ICTS AND ENVIRONMENTAL ANALYSIS
After collecting and storing environmental data through observation, there are various ICTs tools that can be used for computation and processing in order to perform the analysis. There are ICT tools that can assess the quality of land, soil and water. Some can be used to analyze atmospheric conditions including Greenhouse Gas (GHG) emissions and pollutants, track water quality and availability etc. For example, the use of grid computing and environmental modelling software has been helpful in developing and understanding of environmental complexity and the functioning of the ecosystems (ITU, 2008).
ICTS AND ENVIRONMENTAL PLANNING
Proper decision making must be based upon available information. Therefore, the environmental information that has been collected through observation and that has been assessed and analyzed using technology becomes relevant for decision making processes, policy formulation and planning. Using ICTs, this process includes classification of various environmental conditions. For example, environmental information to be used in the agricultural sector or forestry and protected areas may be elicited through the use of ICTs (Ospina& Heeks, (2010). Some will be in the areas of biodiversity, industrial pollution or GHG emissions.
This process also helps to anticipate environmental conditions and emergency scenarios. Explaining this further the ITU argues that monitoring systems using ICTs can be established to forecast the impact of natural and human made environmental disasters. For instance, an Environmental Impact Assessment (EIA) is an important tool used in environmental planning. Any country that is applying for a loan or grant from the World Bank is required to attach environmental planning that has been produced using an EIA. It is evident that ICTs can assist this process, amongst others, through communication with various stakeholders in collecting environmental information.

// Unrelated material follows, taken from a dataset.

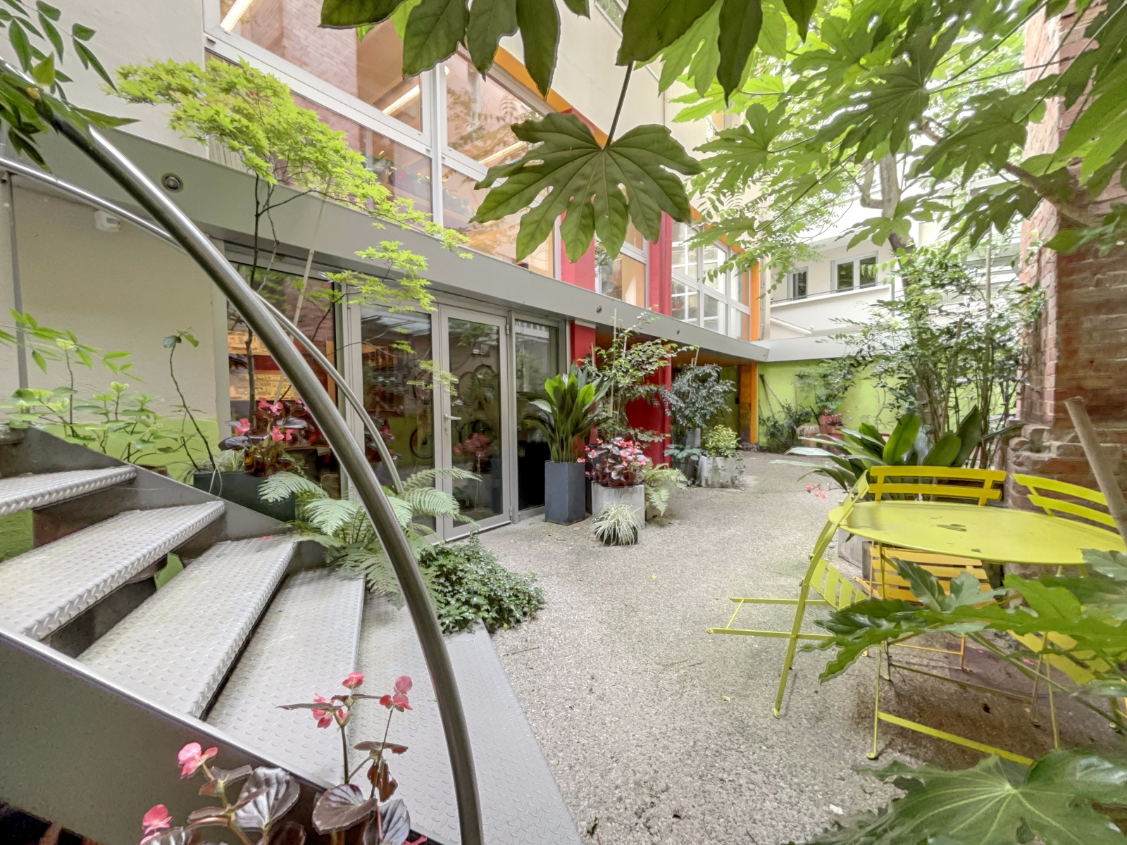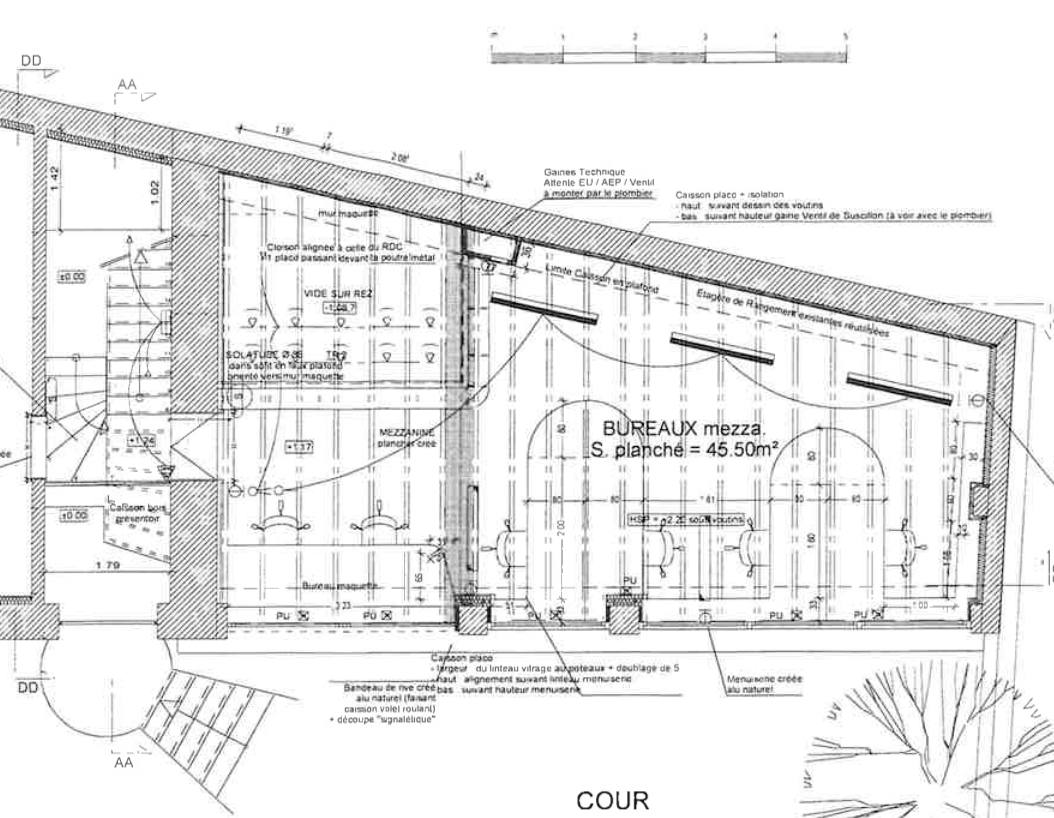 Bureaux aménagés au cœur de Championnet / Caserne de bonne. En arrière-cours très au calme avec jardin privatif. Espace cuisine, détente, salles de réunion. Interphone, surveillance 24/24, accès par badge et digicode, détection Incendie, alarme incendie. TRAM et commerces.

This paper was set out to explore environmental degradation: a dynamic interplay of socio-economic and ICT related activities. It has been discussed that ICTs constitute a range of potentials to enhance environmental sustainability in Nigeria. These include areas such as environmental studies, observation, analysis, planning, management and capacity building. In the context of Nigeria, such potential are well recognized due to the fact that ICTs have been acknowledged national wide as tools for socio-economic development. Moreover, Nigeria has formed national ICT policy that guides utilization of such technologies to hasted development achievement in various sector.